Personal information
- Born: November 11, 1968 (age 57) Euless, Texas, U.S.
- Listed height: 6 ft 0 in (1.83 m)
- Listed weight: 182 lb (83 kg)

Career information
- High school: Waco (Waco, Texas)
- College: Texas Tech
- NFL draft: 1992: undrafted

Career history
- Dallas Cowboys (1992–1993); Atlanta Falcons (1993)*; Kansas City Chiefs (1994–1995); Minnesota Vikings (1996)*;
- * Offseason and/or practice squad member only

Awards and highlights
- Super Bowl champion (XXVII); Second-team All-SWC (1991);

Career NFL statistics
- Field goals att-made: 99–75 (.758)
- Extra points att-made: 118–113 (.958)
- Points: 338
- Stats at Pro Football Reference

= Lin Elliott =

American football player (born 1968)

Lindley Franklin Elliott Jr. (born November 11, 1968) is an American former professional football player who was a placekicker in the National Football League (NFL) for the Dallas Cowboys and Kansas City Chiefs. He played college football for the Texas Tech Red Raiders. He earned a Super Bowl ring with the Cowboys in Super Bowl XXVII.

==Early life==
Elliott attended Waco High School, where he practiced football and soccer. In soccer, he was a four-time All-district selection.

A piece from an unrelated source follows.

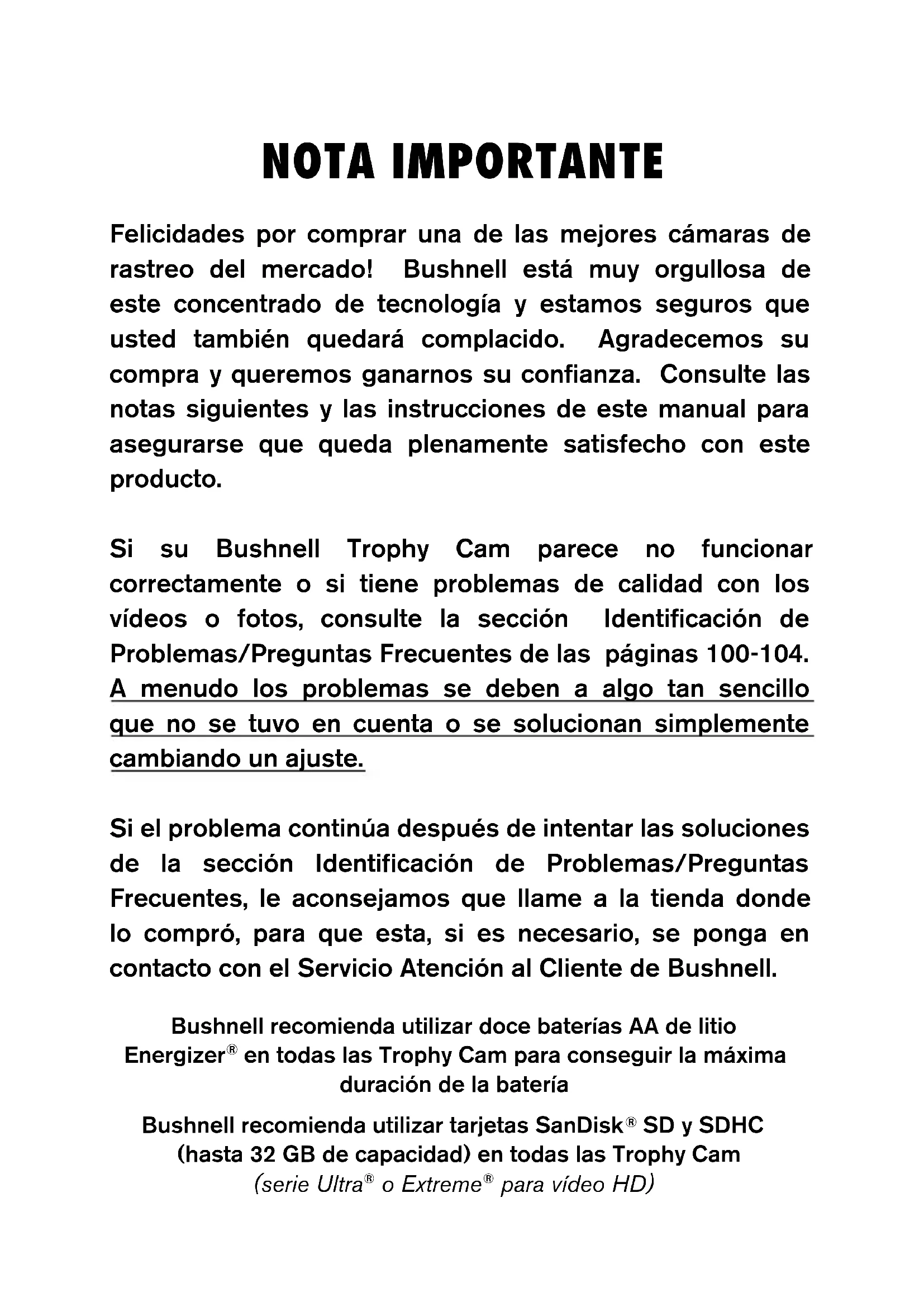 Modelo #: 119466 / 119467 Cat # 98-2019/ 4-11 ESPAñOL VIDEONOTA IMPORTANTE Felicidades por comprar una de las mejores cámaras de rastreo del mercado! Bushnell está muy orgullosa de este concentrado de tecnología y estamos seguros que usted también quedará complacido. Agradecemos su compra y queremos ganarnos su confianza. Consulte las notas siguientes y las instrucciones de este manual para asegurarse que queda plenamente satisfecho con este producto. Si su Bushnell Trophy Cam parece no funcionar correctamente o si tiene problemas de calidad con los vídeos o fotos, consulte la sección Identificación de Problemas/Preguntas Frecuentes de las páginas 100-104. A menudo los problemas se deben a algo tan sencillo que no se tuvo en cuenta o se solucionan simplemente cambiando un ajuste. Si el problema continúa después de intentar las soluciones de la sección Identificación de Problemas/Preguntas Frecuentes, le aconsejamos que llame a la tienda donde lo compró, para que esta, si es necesario, se ponga en contacto con el Servicio Atención al Cliente de Bushnell. Bushnell recomienda utilizar doce baterías AA de litio Energizer

He walked on at Texas Tech University. As a sophomore, he was named the starter at placekicker, making 9 out of 19 field goal attempts (47.4%).

As a junior, he made 14	out of 17 field goal attempts for a school record 82.4%. As a senior, he made 17 (tied school record) out of 26 field goal attempts, set the school's consecutive extra point record (85) and was second in the conference with 85 points. Against Cal State Fullerton, he tied the school record for field goals in a game with 4 (all over 40 yards), including a career-long tying 52-yarder.

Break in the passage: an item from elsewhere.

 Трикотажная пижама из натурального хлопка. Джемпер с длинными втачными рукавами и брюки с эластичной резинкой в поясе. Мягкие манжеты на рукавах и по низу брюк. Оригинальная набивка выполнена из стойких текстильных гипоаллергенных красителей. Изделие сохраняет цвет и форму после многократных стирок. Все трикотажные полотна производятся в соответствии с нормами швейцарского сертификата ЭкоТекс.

Elliott finished as the school's all-time leading scorer at the time (220 points), while making 40 out of 62 field goal attempts (64.5%) and 100 (school record) out of 101 extra points (64.5%).

In 2015, he was inducted into the Texas Tech Athletic Hall of Fame.

==Professional career==
===Dallas Cowboys===
Elliott was signed as an undrafted free agent by the Dallas Cowboys after the 1992 NFL draft, to compete as the replacement for kicker Ken Willis. He recovered from a pulled groin muscle in training camp, to be named the starter over Brad Daluiso. He started the regular season slowly until hitting 13 straight field goals and registering 27 touchbacks, which at the time were both franchise records. His 24 field goals were a rookie record and third in club history. His 3 field goals over 50 yards in a single-season ranked second in franchise history. His 119 points set a team rookie record, while ranking fourth in the NFL and leading all rookies. He was part of the Super Bowl XXVII winning team.

In 1993, he missed an extra point attempt in the season opener against the Washington Redskins. He missed two field goals in the 10–13 loss against the Buffalo Bills in the second game, contributing to a 0–2 start. On September 14, he was released.

===Kansas City Chiefs===
On April 7, 1994, he signed as a free agent with the Kansas City Chiefs. He registered 25-of-30 field goals (83.3%).

In 1995, he made 24 of 30 field goals (80%), contributing to the team going 13–3 in the regular season and clinching home field advantage throughout the playoffs, making them heavy favorites. But he is best remembered for missing three field goal attempts from 35, 39, and 42 yards in a 10–7 playoff loss to the Indianapolis Colts in January 1996. He suffered a late-season swoon, as his final miss against the Colts was his ninth missed kick in five games.

On February 16, 1996, the Chiefs decided not to make him a qualifying offer as a restricted free agent, effectively releasing him, even though he had an 81.7% field goal accuracy during his two seasons, ranking as the second-most accurate kicker in Chiefs history.

===Minnesota Vikings===
On August 1, 1996, he signed with the Minnesota Vikings as a free agent. He was released before the season started on August 20. This marked the end of his NFL career.